For the first time in her life, she thought about kissing someone. She thought about closing the gap between them and placing her mouth on his, about crossing the line of familiarity into desire. It would be easy to do, almost too easy, and somewhere inside herself, she knew it wouldn’t be unwelcome.

“Why do you stand with me?” she asked, holding them in place, letting the world fall away in the gaps between her words.

“Because you see the world differently. You have a connection to the greatness that Loom was, like the elders… But you look with eyes like mine, like Nora’s, to how that will change to make a future for all of us. You’ve seen so much.” Derek swallowed. “Because you’re as undeniable as a pulse.”

“Stay with me, Derek. Stay with me. Tether the rest of them to you, and stay with me.”

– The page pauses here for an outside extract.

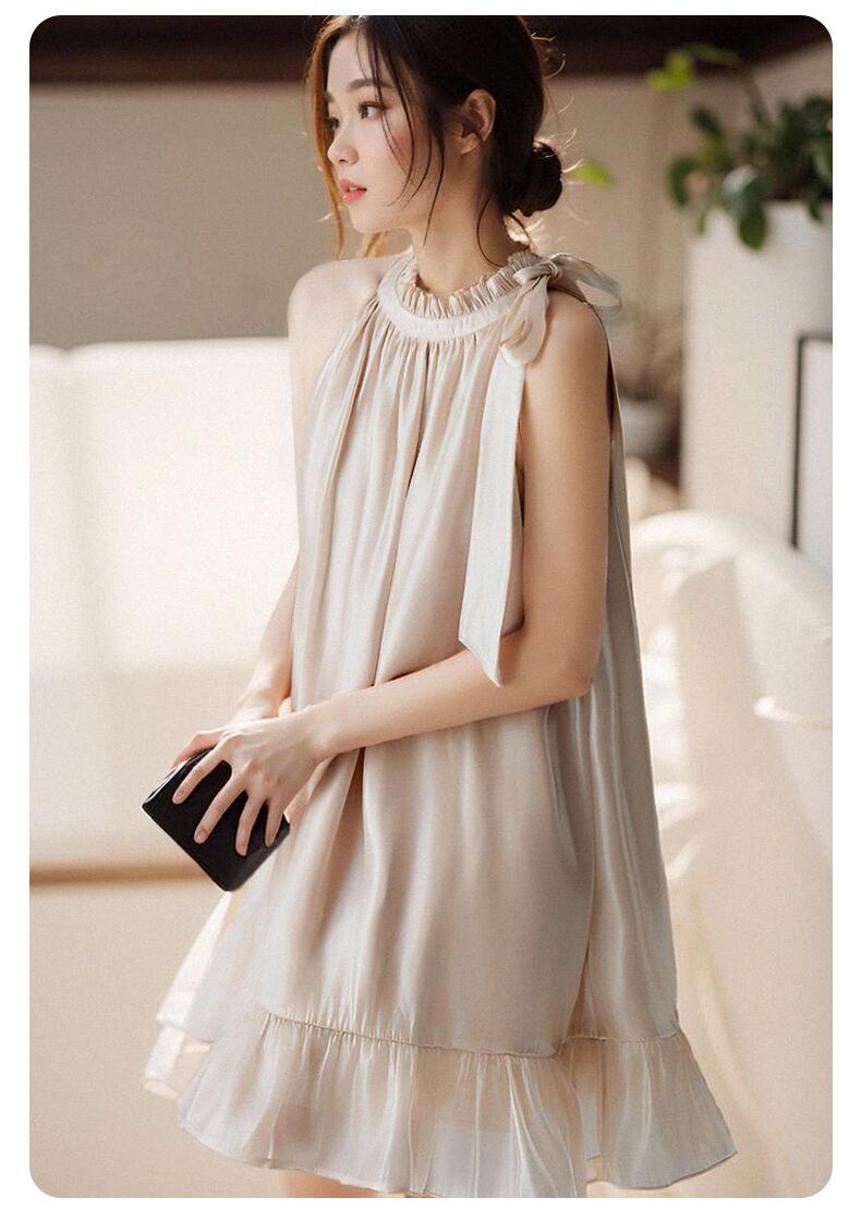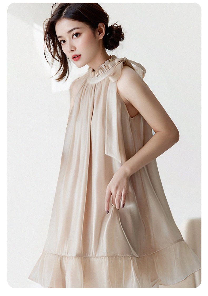 大人可愛いノースリーブのミニ丈パーティードレス。

“Are you sure you want this?”

“This is what I was made to do.” She let him go, allowing him to reach his own conclusions. She was satisfied.

The rest of them were chained to something: love of a guild, loyalty to a Vicar, memories of the past. Florence did not live in bondage. She had struggled for so long trying to find a place where she belonged that she had never stopped to see the innate benefits of belonging to nowhere. She could do things no one else could do. She could be things no one else could be.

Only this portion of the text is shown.